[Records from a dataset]
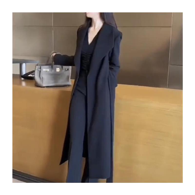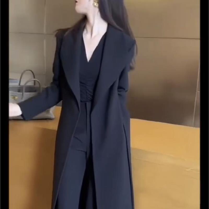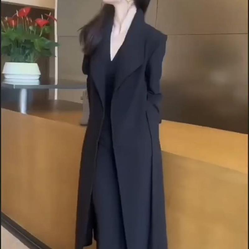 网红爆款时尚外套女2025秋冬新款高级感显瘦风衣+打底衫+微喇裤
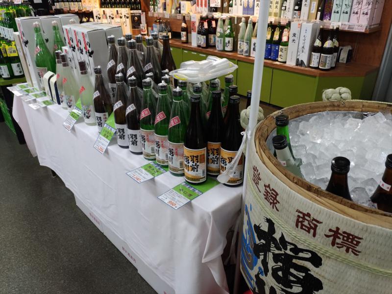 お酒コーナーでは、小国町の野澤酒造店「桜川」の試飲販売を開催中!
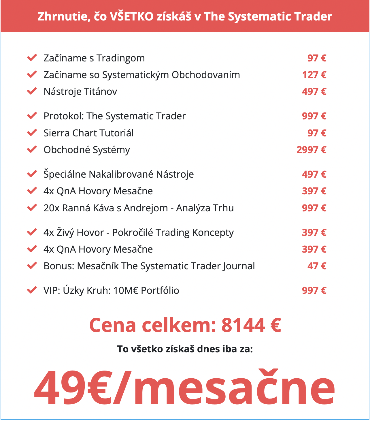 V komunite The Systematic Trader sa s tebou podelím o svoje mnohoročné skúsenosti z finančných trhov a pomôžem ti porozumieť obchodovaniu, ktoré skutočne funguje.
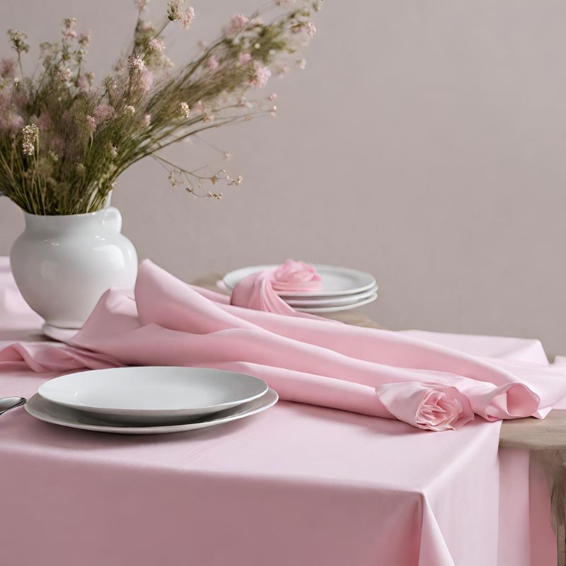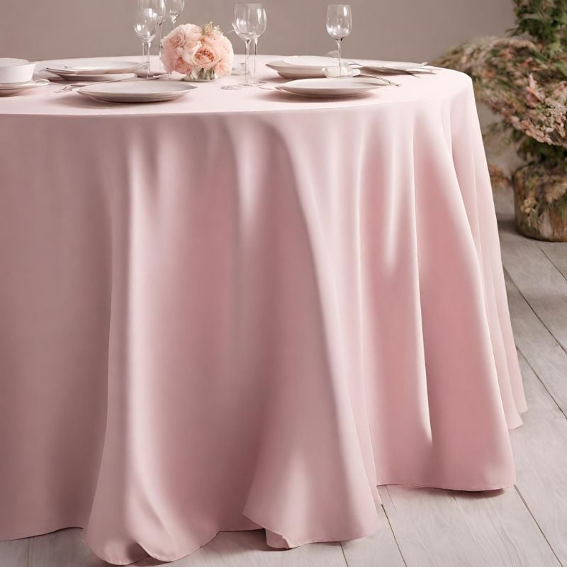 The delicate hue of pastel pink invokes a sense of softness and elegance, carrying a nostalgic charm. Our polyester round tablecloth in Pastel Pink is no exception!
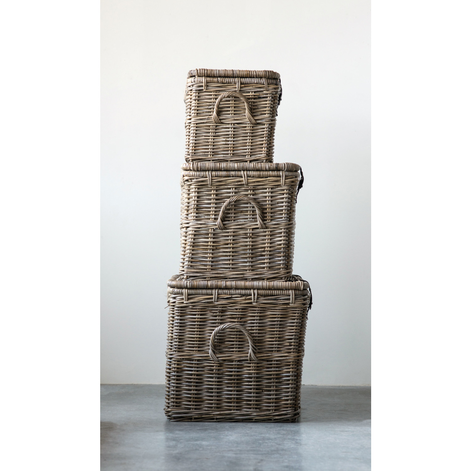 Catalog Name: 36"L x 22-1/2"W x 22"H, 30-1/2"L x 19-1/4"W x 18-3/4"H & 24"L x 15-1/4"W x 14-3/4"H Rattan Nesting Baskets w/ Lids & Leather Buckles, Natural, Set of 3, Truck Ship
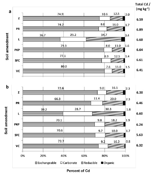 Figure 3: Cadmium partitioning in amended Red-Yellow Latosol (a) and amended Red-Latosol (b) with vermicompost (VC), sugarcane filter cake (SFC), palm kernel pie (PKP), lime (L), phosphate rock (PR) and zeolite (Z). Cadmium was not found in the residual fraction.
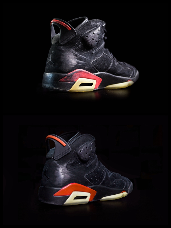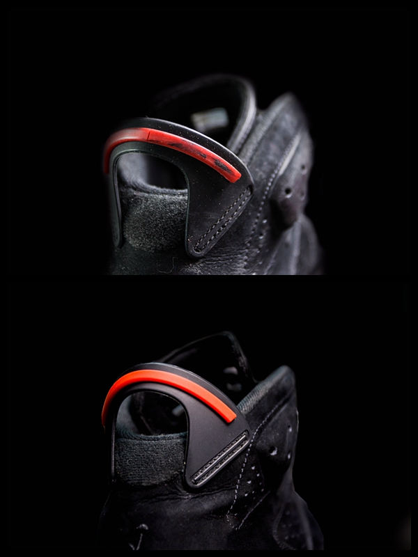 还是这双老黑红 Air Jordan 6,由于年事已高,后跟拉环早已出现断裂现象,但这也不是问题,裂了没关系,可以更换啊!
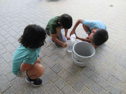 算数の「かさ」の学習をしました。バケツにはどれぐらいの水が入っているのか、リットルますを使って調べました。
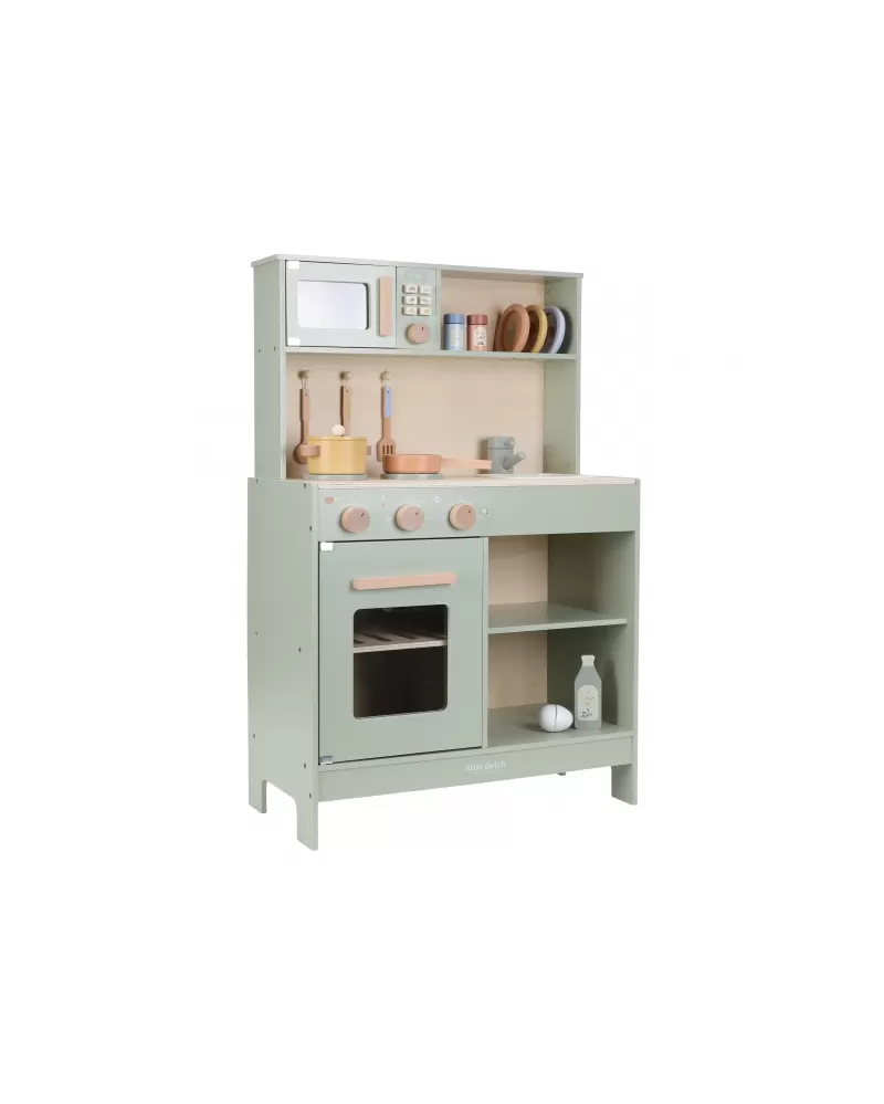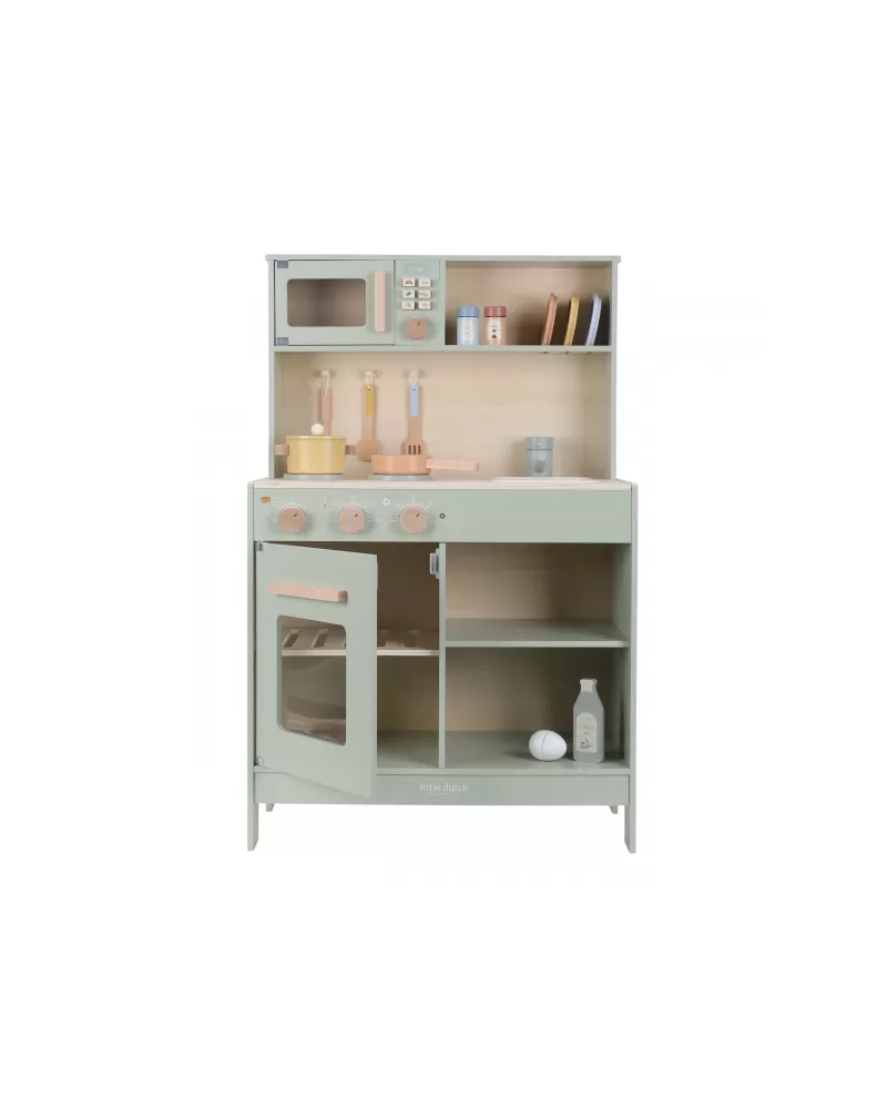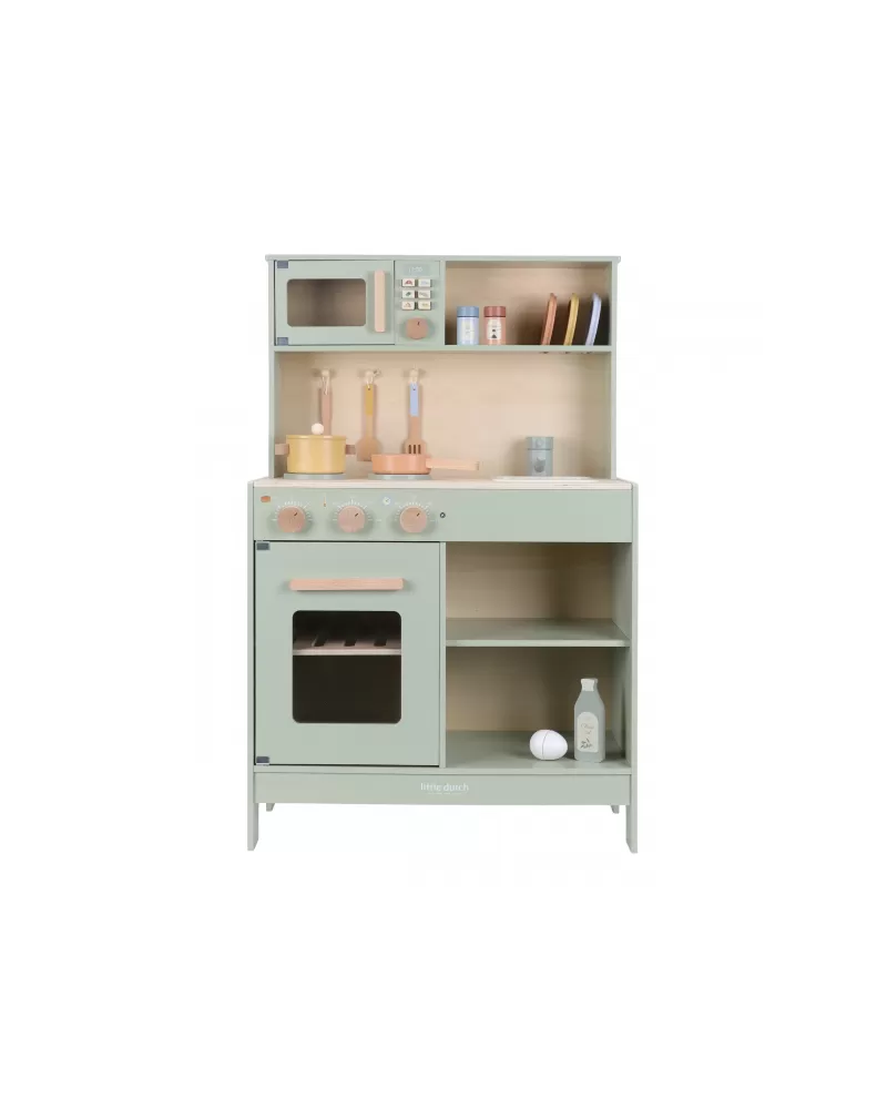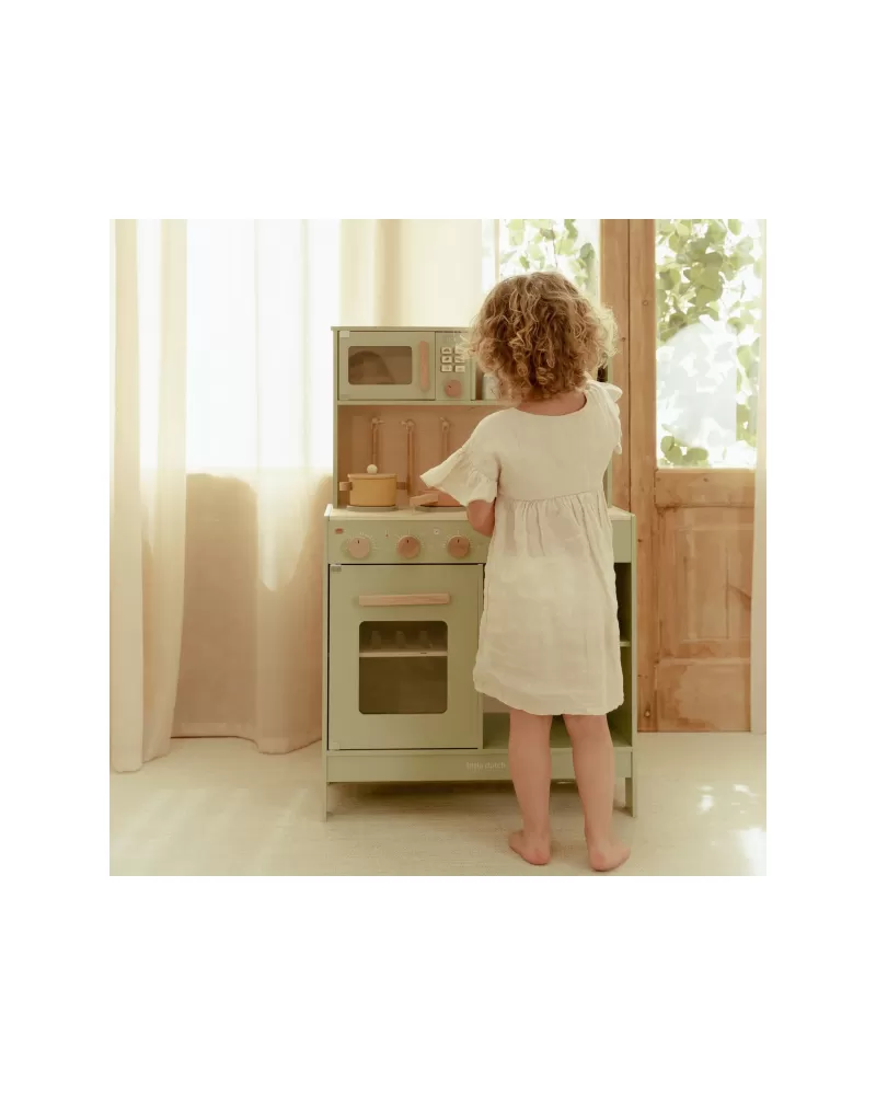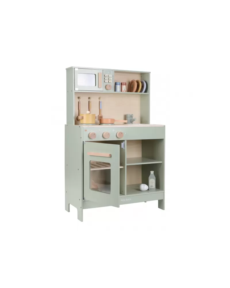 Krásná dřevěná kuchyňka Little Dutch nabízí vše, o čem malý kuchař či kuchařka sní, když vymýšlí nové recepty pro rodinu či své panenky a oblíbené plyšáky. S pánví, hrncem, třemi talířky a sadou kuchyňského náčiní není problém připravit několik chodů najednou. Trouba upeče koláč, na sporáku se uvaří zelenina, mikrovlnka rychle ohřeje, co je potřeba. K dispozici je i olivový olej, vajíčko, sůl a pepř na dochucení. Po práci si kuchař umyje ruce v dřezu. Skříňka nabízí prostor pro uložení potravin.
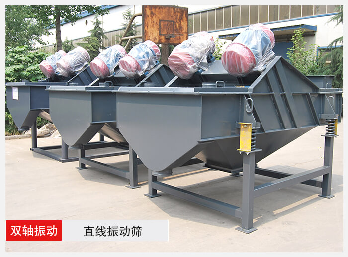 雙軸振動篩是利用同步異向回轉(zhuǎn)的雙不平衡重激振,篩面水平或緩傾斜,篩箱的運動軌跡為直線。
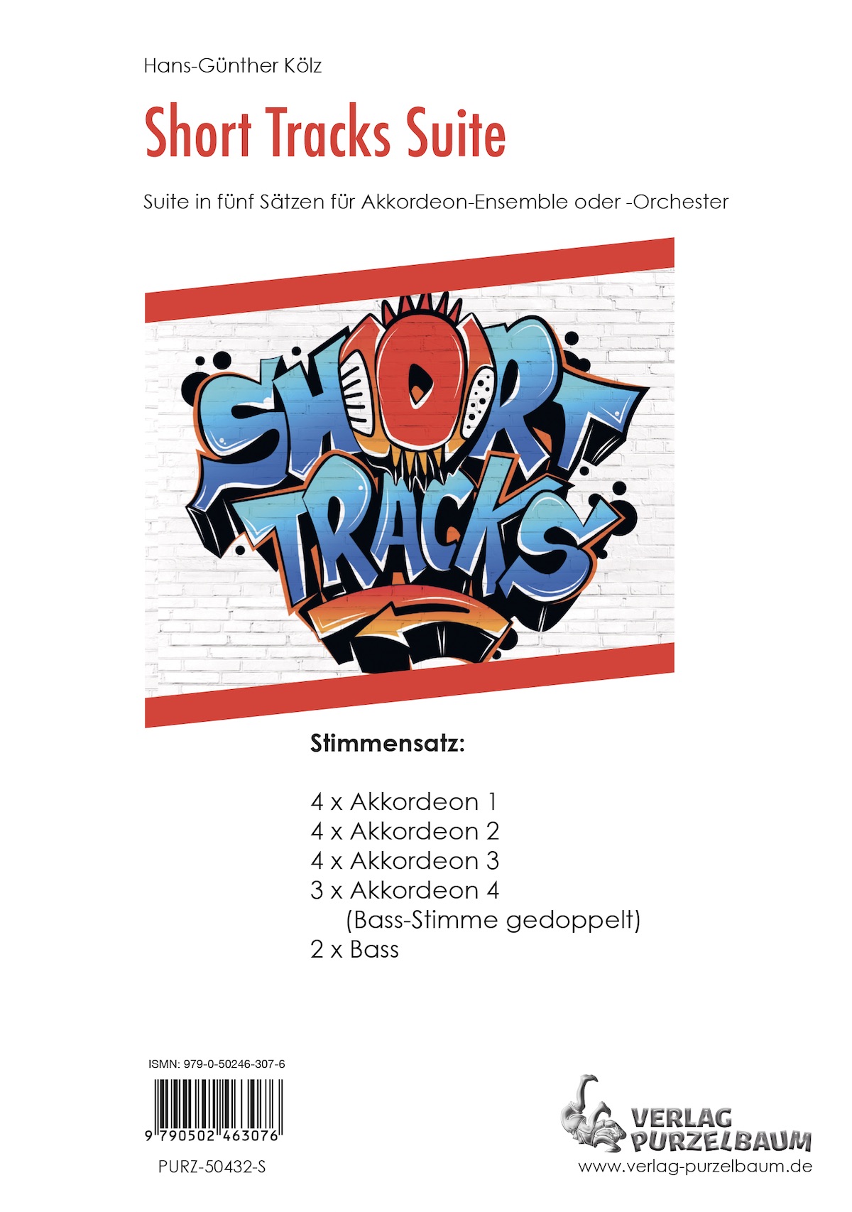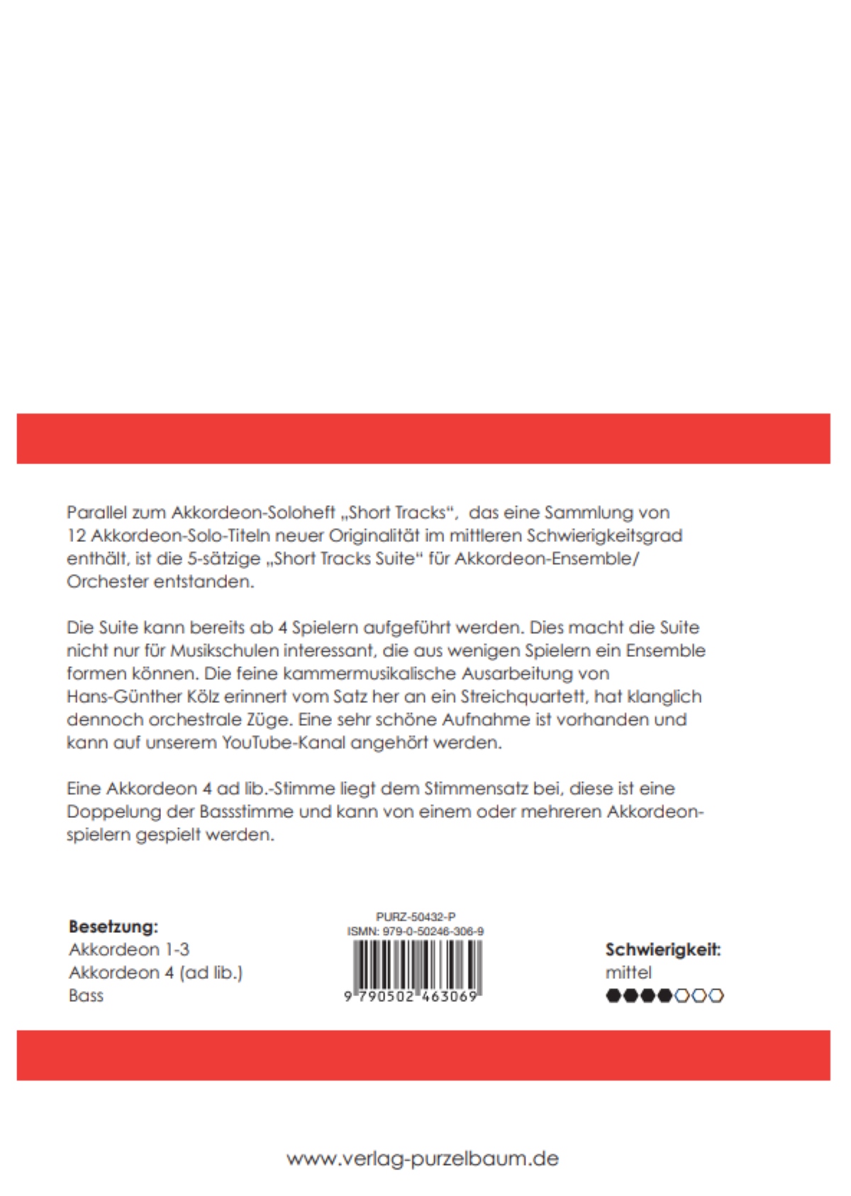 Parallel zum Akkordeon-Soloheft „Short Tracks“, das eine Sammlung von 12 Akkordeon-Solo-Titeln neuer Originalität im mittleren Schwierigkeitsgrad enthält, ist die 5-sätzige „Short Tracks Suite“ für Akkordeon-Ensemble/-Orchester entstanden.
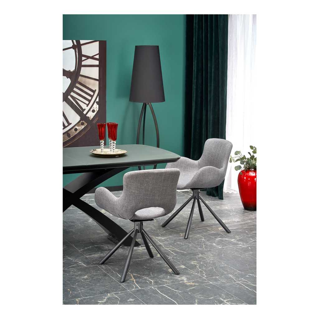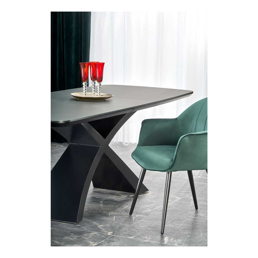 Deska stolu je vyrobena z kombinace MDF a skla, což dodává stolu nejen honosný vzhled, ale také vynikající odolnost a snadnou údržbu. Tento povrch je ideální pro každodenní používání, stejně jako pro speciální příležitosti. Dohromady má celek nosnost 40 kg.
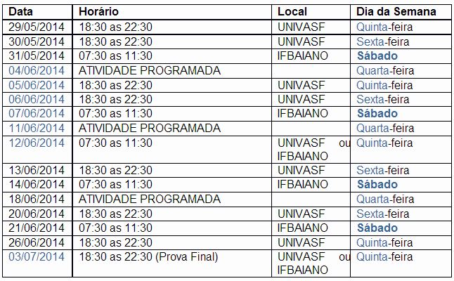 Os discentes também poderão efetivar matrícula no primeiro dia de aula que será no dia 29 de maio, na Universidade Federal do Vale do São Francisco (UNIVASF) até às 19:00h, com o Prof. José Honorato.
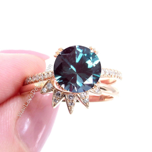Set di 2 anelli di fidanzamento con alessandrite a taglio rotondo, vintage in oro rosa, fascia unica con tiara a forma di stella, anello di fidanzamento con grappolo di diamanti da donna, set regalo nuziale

> _Requirement_:
Look back at the data above, then output exactly the lines from the line holding "Figure 3: Cadmium" up to and including the line holding "算数の「かさ」の学習をしまし". Leave out the pictures.

> _Task result_:
 Figure 3: Cadmium partitioning in amended Red-Yellow Latosol (a) and amended Red-Latosol (b) with vermicompost (VC), sugarcane filter cake (SFC), palm kernel pie (PKP), lime (L), phosphate rock (PR) and zeolite (Z). Cadmium was not found in the residual fraction.
 还是这双老黑红 Air Jordan 6,由于年事已高,后跟拉环早已出现断裂现象,但这也不是问题,裂了没关系,可以更换啊!
 算数の「かさ」の学習をしました。バケツにはどれぐらいの水が入っているのか、リットルますを使って調べました。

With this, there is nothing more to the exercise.